Development Appraislals Flashcards
Talk me through a development appraisal you have carried out.
For the development appraisal that I carried out in Hammersmith, I had received the clients inputs.
I calculated the GDV through the sales values.
I verified their build costs with BCIS and a building surveyor in my firm.
The profit on cost generated a land value for the client.
What is the Hammersmith affordable housing provision?
It is applied on developments that will compromise of 10 self contained dwellings or more.
Why does affordable housing provisions exist?
They are there to help the housing mix and provide a more sustainable communities in boroughs.
Talk me through your steps to advising the client on your work in Hammermsith.

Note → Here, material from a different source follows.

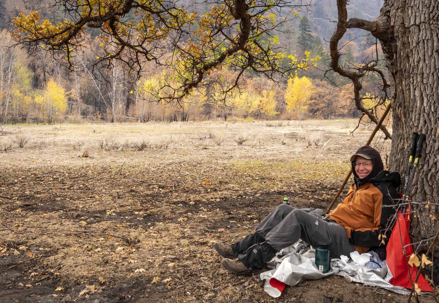 Taking a rest on a chilly day with your back against a trunk — that's trail life for ya!

My advice to the client was for them to build a scheme with a less amount of units, but those units to be larger in size. I recommended that they built nine larger flats rather than 15 smaller ones.
What was the affordable housing provisions impact on the profitability?

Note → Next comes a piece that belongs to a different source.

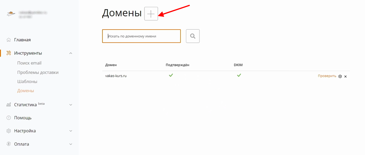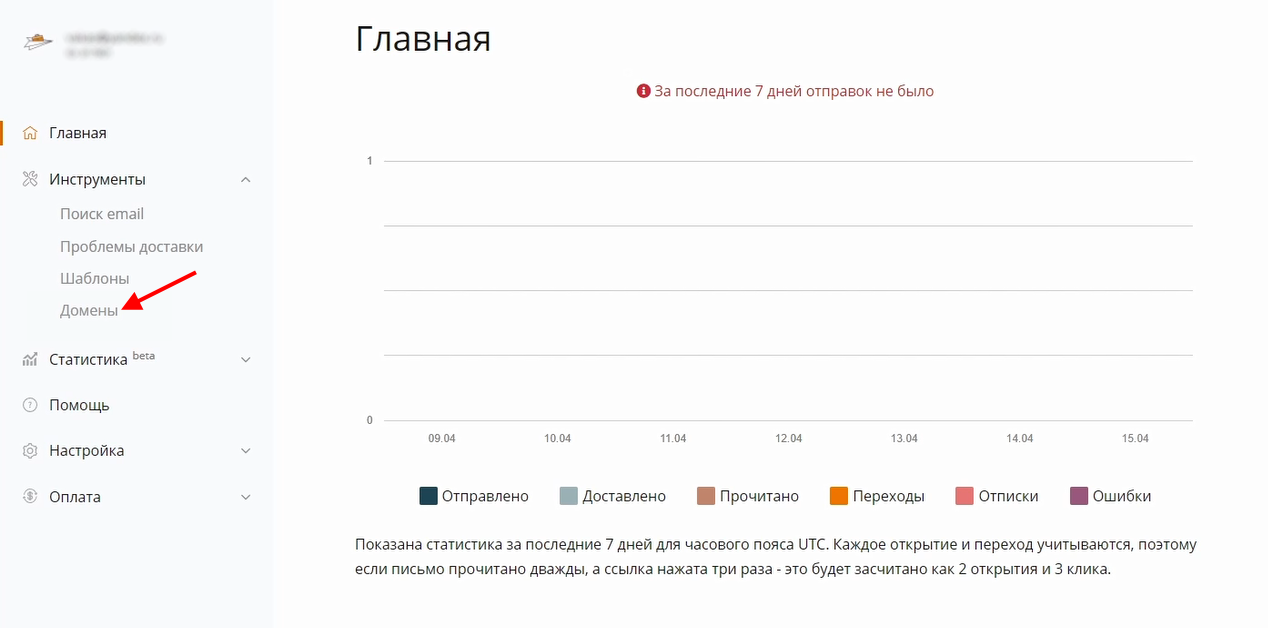 1 Перейдите в сервис UniOne. В меню слева выберите «Инструменты» — «Домены»

I checked the impact the affordable housing had on the profitability on the scheme through doing a sensitivity analysis check at 5% staged reductions.
What is S106?
This is a a legal agreement between a planning authority and a developer.

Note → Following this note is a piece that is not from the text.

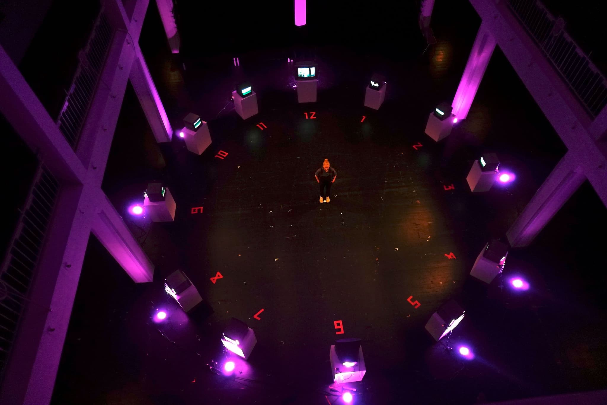 60:60 is a performative video work with 12 tvs. Lenah Flaig filmed herself in 60 different surroundings, moving in slow motion for one hour. 60 hours become 60 minutes. What if an hour was only 60 seconds?

Where does S106 derive from?
The Town and Country Planning Act 1990
What is the difference between CIL and a S106 agreement?
CIL is a fixed tax. S106 is site specific and negotiable.
How do you calculate CIL?
That it varies across each borough, and you can calculate it through the CIL charging schedule on the local authoritys website.
When would you apply CIL?
You would only apply it to the private part of a development. Not the affordable units. And it is applied to the GIA.
What is the purpose of CIL and MCIL?
The purpose of CIL and MCIL is to provide back into the borough, as a tax. For example it would go towards schools, roads, hospitals.
Say I am developing a residential property, but on top of an existing building, would I still apply CIL?
Yes, you would apply CIL to the new GIA of the property, it would not be applied to the total GIA of the total complete development.
What is the difference between a residual valuation and a development appraisal?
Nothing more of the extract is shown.